- Data supplied:
>>
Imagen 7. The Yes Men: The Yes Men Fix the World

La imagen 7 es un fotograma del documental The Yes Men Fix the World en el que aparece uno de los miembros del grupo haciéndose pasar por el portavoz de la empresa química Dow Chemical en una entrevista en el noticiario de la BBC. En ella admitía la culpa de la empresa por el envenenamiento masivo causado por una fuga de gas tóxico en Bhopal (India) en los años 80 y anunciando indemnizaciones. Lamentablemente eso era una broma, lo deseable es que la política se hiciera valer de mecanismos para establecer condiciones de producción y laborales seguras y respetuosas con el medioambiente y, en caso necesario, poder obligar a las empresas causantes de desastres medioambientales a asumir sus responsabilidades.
<<
>>
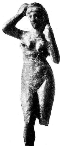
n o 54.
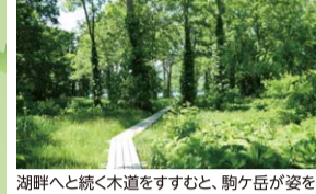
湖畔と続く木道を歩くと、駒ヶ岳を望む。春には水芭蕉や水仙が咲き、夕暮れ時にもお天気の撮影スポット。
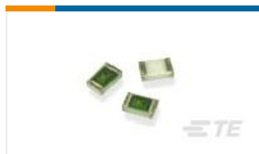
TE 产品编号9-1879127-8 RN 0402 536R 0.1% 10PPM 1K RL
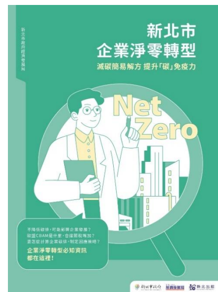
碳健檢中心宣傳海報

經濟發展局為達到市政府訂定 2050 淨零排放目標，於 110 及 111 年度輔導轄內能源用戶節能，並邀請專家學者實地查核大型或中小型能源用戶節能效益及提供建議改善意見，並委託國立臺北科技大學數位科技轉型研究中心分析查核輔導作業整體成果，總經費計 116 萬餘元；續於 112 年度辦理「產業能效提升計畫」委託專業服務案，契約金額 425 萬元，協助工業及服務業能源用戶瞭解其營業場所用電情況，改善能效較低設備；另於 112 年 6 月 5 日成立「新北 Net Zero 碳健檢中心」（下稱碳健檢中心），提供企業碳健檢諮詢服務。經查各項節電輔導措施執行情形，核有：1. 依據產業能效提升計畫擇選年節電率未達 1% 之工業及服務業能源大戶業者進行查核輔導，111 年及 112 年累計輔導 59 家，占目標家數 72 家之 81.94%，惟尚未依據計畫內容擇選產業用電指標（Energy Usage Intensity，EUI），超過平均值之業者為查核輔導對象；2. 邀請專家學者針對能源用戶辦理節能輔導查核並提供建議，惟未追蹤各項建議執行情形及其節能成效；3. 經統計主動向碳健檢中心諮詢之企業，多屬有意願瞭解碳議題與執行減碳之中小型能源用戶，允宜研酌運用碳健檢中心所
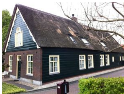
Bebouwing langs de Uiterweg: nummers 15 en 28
<<
>>
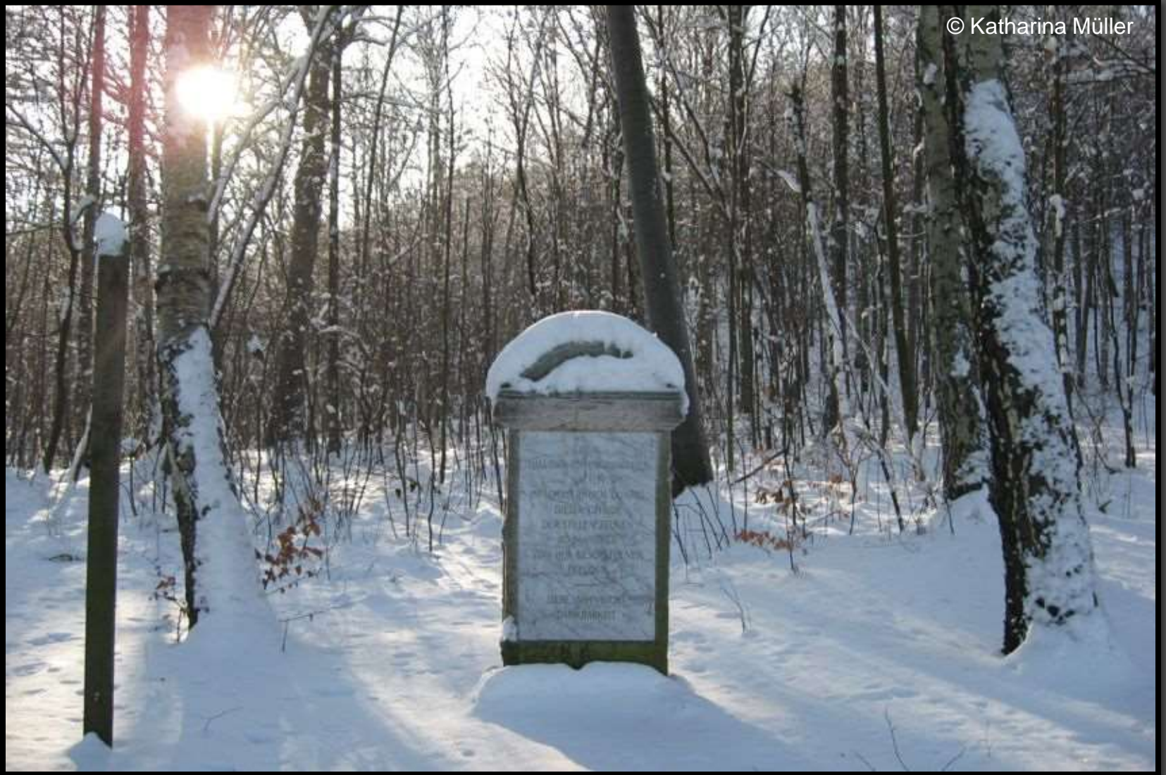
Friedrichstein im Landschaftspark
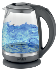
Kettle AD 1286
<<
- Directions for this task: In the listing above, find the line with "Imagen 7. The" and the line with "La imagen 7", then print exactly those two lines and every line between them, and nothing more.

- The completed task:
Imagen 7. The Yes Men: The Yes Men Fix the World

La imagen 7 es un fotograma del documental The Yes Men Fix the World en el que aparece uno de los miembros del grupo haciéndose pasar por el portavoz de la empresa química Dow Chemical en una entrevista en el noticiario de la BBC. En ella admitía la culpa de la empresa por el envenenamiento masivo causado por una fuga de gas tóxico en Bhopal (India) en los años 80 y anunciando indemnizaciones. Lamentablemente eso era una broma, lo deseable es que la política se hiciera valer de mecanismos para establecer condiciones de producción y laborales seguras y respetuosas con el medioambiente y, en caso necesario, poder obligar a las empresas causantes de desastres medioambientales a asumir sus responsabilidades.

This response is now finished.